Мысленно отмечая эту дату, наш медиум вызвал дух своего любимейшего писателя и побеседовал с ним пока на одну лишь тему:

М. Монтень «О дружбе»


М. – Дорогой Учитель, великий философ Артур Шопенгауэр, родившийся ровно через 255лет со дня Вашего появления на свет, пристально наблюдая жизнь, пришел к очень грустной мысли, а именно: «Истинная дружба – одна из тех вещей, о которых, как о гигантских морских змеях, неизвестно, являются ли они вымышленными или где-то существуют». Но Вам повезло больше: судьба однажды подарила Вам истинного друга, Этьена де Ла Боэси. Удавалось ли Вам видеть среди множества знакомых людей, во Франции или в путешествиях по миру, еще подобные примеры таких дружеских связей?
 
М. М. – Дружбы, которую мы питали друг к другу, пока богу угодно было, дружбы столь глубокой и совершенной, что другой такой вы не найдете и в книгах, не говоря уж о том, что между нашими современниками невозможно встретить что-либо похожее. Для того, чтобы возникла подобная дружба, требуется совпадение стольких обстоятельств, что и то много,  если судьба ниспосылает ее раз в три столетия.

М. – Выходит, что исключение только подтверждает правило, и найти друзей в полном смысле этого слова почти невозможно?

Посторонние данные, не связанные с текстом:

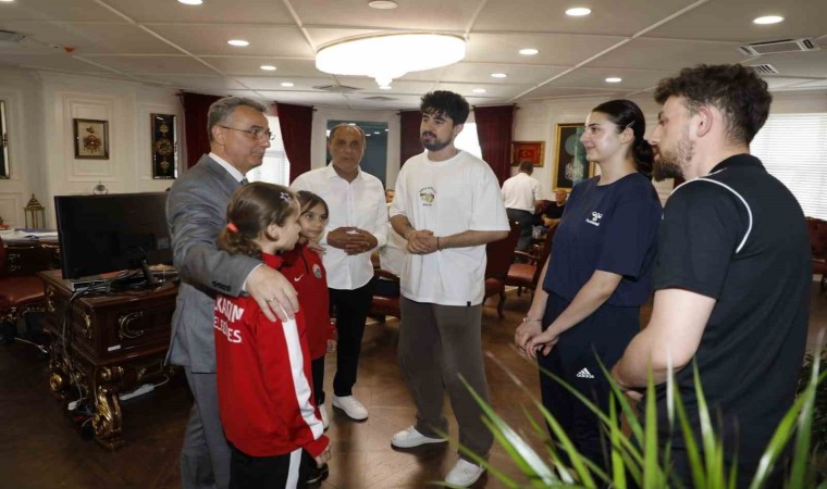 Tekvando branşında 2023 yılında Hollanda Rotterdam’da düzenlenen şampiyonada, Avrupa üçüncüsü ve şubat ayında Konya’da düzenlenen Türkiye Şampiyonasında büyüklerde Türkiye Şampiyonu olan İlkadım Belediyespor sporcusu Oktay Atalay ve minik tekvandocular Hazal İnce ve Elif Devran İnce ile antrenör Doğan Demir’i misafir eden İlkadım Belediye Başkanı İhsan Kurnaz, "Sporcularımızın ulusal ve uluslararası düzeyde elde ettikleri başarılar hepimizi gururlandırıyor. Bedensel ve ruhsal sağlığımızı güçlü tutabilmek adına, spor yapmanın önemini biliyoruz. Bu noktada 7’den 70’e hemşehrilerimizin spor yapabilmesi adına spor altyapımızı daha da güçlendiriyoruz. Bunun yanı sıra, tesislerimizde sporcu yetiştirilmesi adına çalışmalar da devam ediyor. Okulların kapanması ile birlikte, yaz aylarında da tesislerimizde sporcu yetiştirme faaliyetleri ve kurslarımız devam edecek. Tüm sporcularımıza ve antrenörlerimize başarılar diliyorum. Onların alacakları başarılar, İlkadımlı hemşehrilerimizin de göğsünü kabartacaktır" diye konuştu.

М. М. – Вообще говоря, то, что мы называем обычно друзьями и дружбой, это не более, чем короткие и близкие знакомства, которые мы завязали случайно или из соображений удобства и благодаря  которым наши души вступают в общение.

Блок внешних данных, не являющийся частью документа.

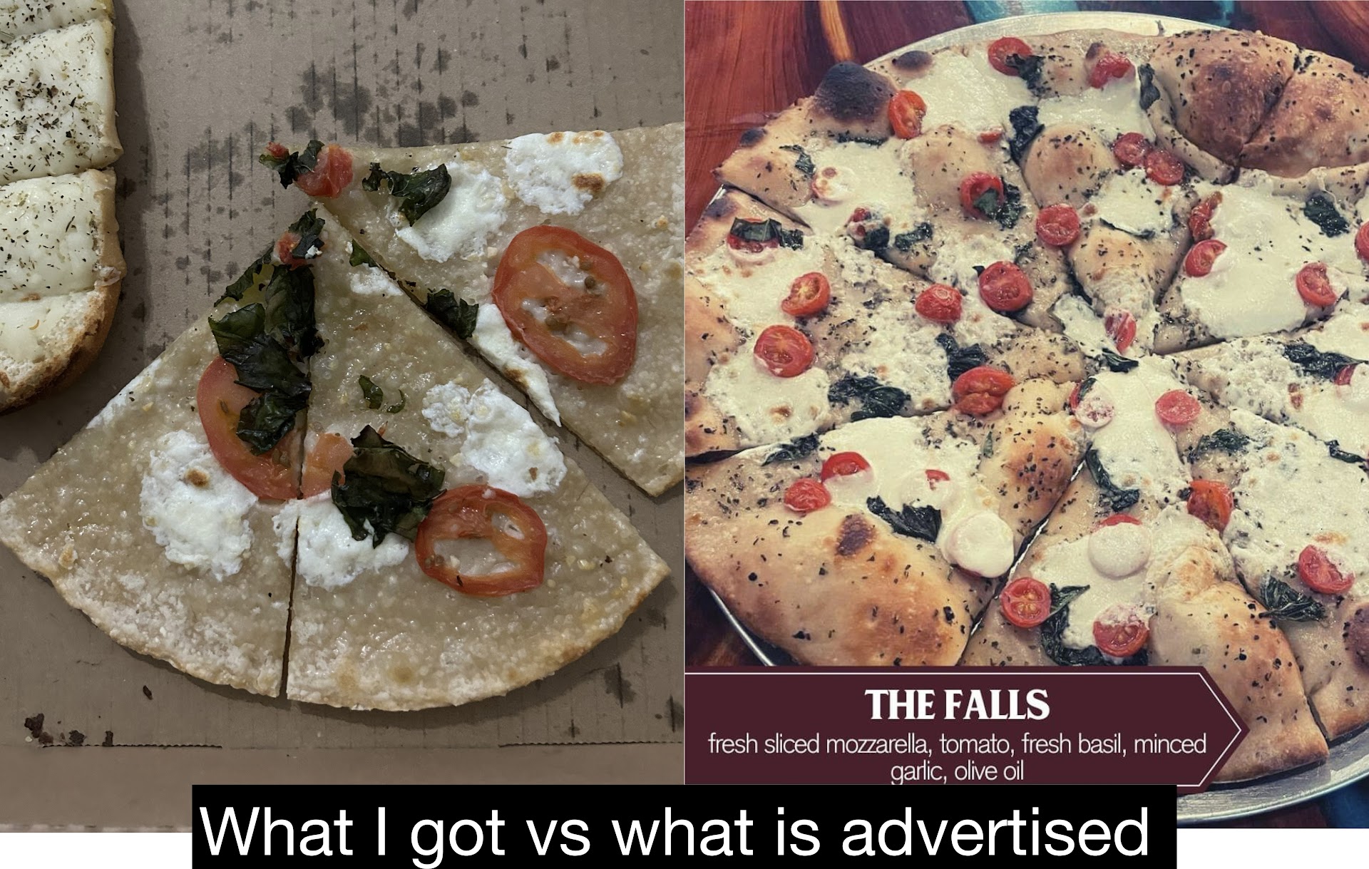 I will say the falls pizza I got was so sad lookingš„² Iāll put a photo of my to-go box along with the photo they use to advertise it lol.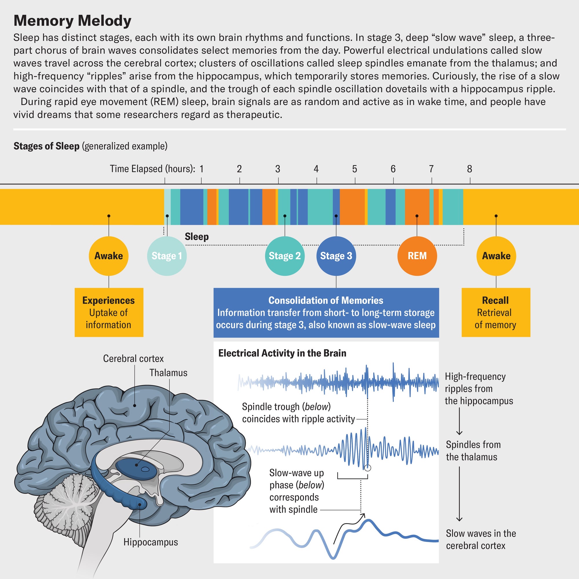 In a further, striking coincidence—or more likely not a coincidence at all but something integral to a process of nightly information transfer perfected by evolution—both the ripples and the spindles rise and fall with the slow waves. “There's this three-part symphony,” Stickgold says. “The hippocampus and the thalamus and the cortex all work in unison to strengthen specific memories.”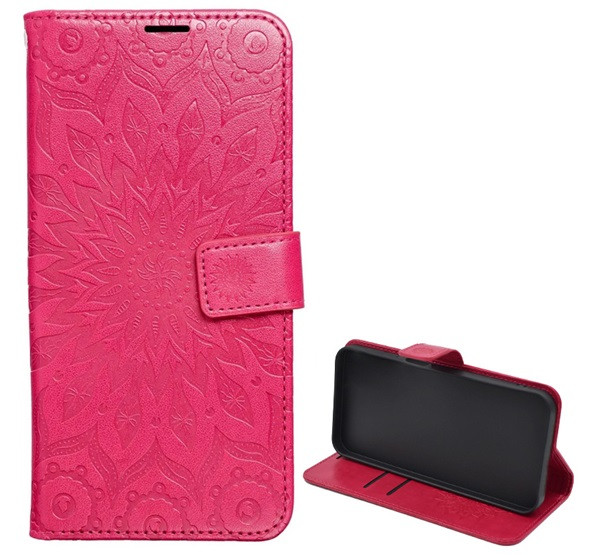 Tok álló, bőr hatású (FLIP, oldalra nyíló, asztali tartó, kézpánt, mandala) RÓZSASZÍN

М. – И это не так уж мало для склонной к эгоизму человеческой натуры. А чем отличались ваши отношения от обычных дружеских связей?

М. М. – В той же дружбе, о которой я здесь говорю, души смешиваются и сливаются в нечто до такой степени единое, что скреплявшие их когда-то швы стираются начисто, и они сами больше не в состоянии отыскать их следы. Если бы у меня настойчиво требовали ответа, почему я любил моего друга, я чувствую, что не мог бы выразить этого иначе, чем сказав: "Потому, что это был он, и потому, что это был я".

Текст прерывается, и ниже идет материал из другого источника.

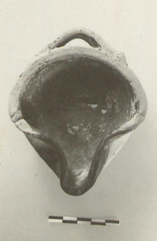 | Description: | Front part reserved. Broad flat bottom; sides pinched in to form an unbridged nozzle. Glaze inside, dull reddish-brown. Pinkish-buff clay. ADDENDA L 3093 (ΠΘ 2672): later found to join; complete save for small chip from bottom. Type 4 of Agora collection. | |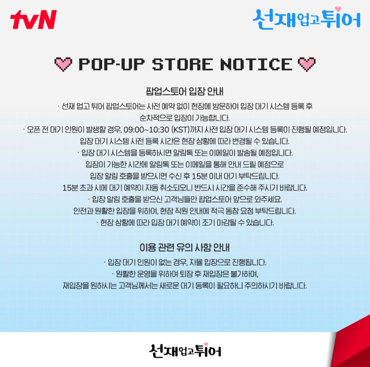 이번 선재 업고 튀어 팝업스토어는 사전 예약 없이 현장방문으로 이루어지나 오픈 전 대기 인원이 발생할 경우 사전 입장 대기 시스템 등록을 진행할 예정이라고 합니다. 입장 대기 시스템 등록 후 알림톡 또는 이메일로 안내를 드리며 호출받으신 후 15분 이내 대기를 하면 된다고 합니다.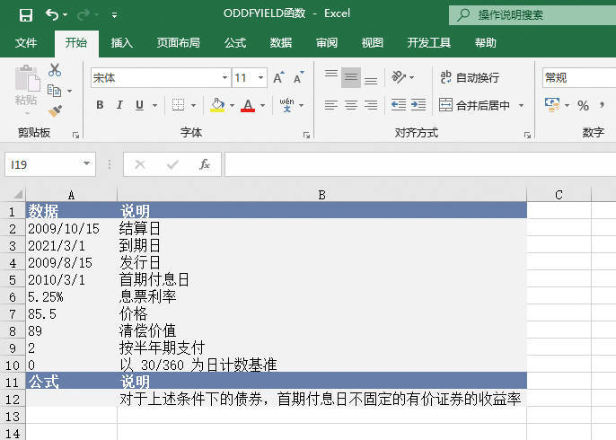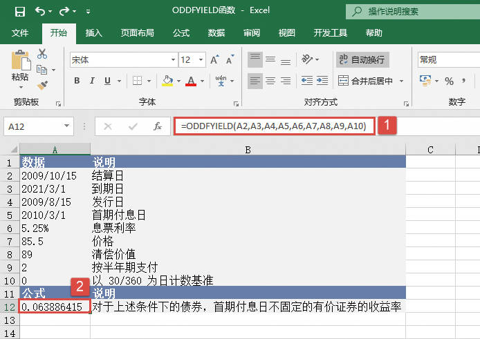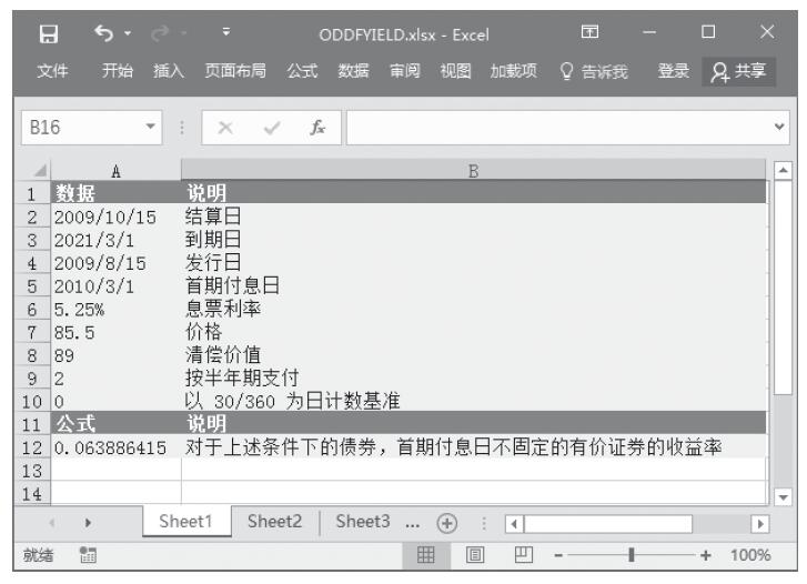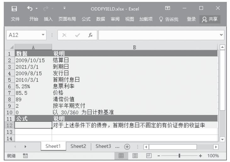 步骤1:打开例子工作簿“ODDFYIELD.xlsx”。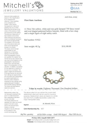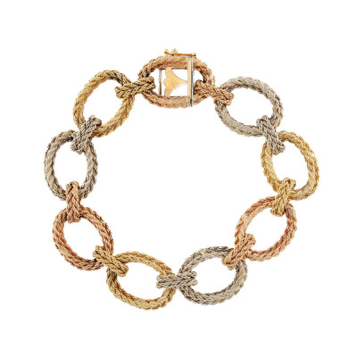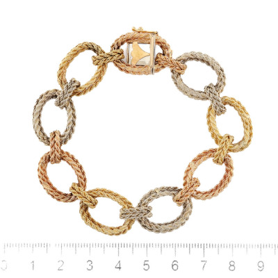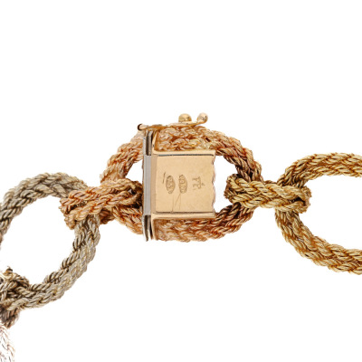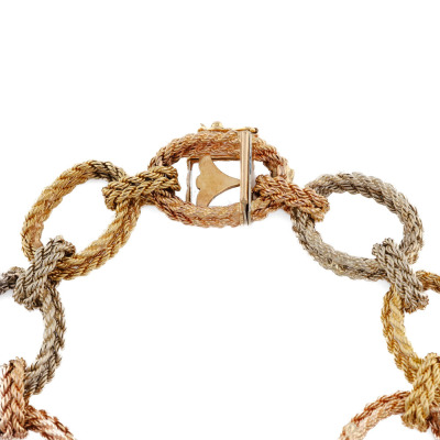 Gold rope hoop bracelet with 18ct rose, yellow and white gold. Length: 19.0cm. Weight: 40.3g. With Certificate #420665. (Pre-owned)

М. – Как вам удалось найти друг друга среди сотен других людей, знакомых и дальних?

М. М. –  Где-то за пределами доступного моему уму и того, что я мог бы высказать по этому поводу, существует  какая-то необъяснимая и неотвратимая  сила,устроившая этот союз между нами. Мы искали друг друга прежде, чем свиделись,и отзывы, которые мы слышали один о другом, вызывали в нас взаимное влечение большей силы, чем это можно было бы объяснить из содержания самих отзывов.Полагаю, что таково было веление неба. Самые имена наши сливались в объятиях. И уже при первой встрече, которая произошла случайно на большом празднестве, в многолюдном городском обществе, мы почувствовали  себя настолько очарованными друг другом, настолько знакомыми, настолько связанными между собой, что никогда с той поры не было для нас ничего ближе, чем  он – мне, а я – ему.

М. – Как потом развивались ваши отношения? Ведь довольно часто люди быстро, даже стремительно, сходятся друг с другом, называя случайно встреченных приятелей лучшими друзьями, но столь же быстро наступает охлаждение, вплоть до явной неприязни. У Вас-то все было иначе.

М. М. – Возникнув столь поздно и имея в своем распоряжении столь краткий срок (мы оба были уже людьми сложившимися, причем он старше на несколько лет), наше чувство не могло терять времени и взять себе за образец ту размеренную и спокойную дружбу, которая принимает столько предосторожностей и нуждается в длительном, предваряющем ее общении. Наша дружба не знала иных помыслов, кроме как о себе, и опору искала только в себе. Тут была не одна какая-либо причина, не две, не три, не четыре, не тысяча особых причин, но какая-то квинтэссенция или смесь всех причин вместе взятых, которая захватила мою волю, заставила ее  погрузиться в его волю и раствориться в ней, точно так же, как она захватила  полностью и его волю, заставив  его погрузиться в мою и раствориться в ней с той же жадностью, с тем же пылом. Я говорю "раствориться", ибо в нас не осталось ничего, что было бы достоянием только одного или только другого, ничего, что было бы только его или только моим.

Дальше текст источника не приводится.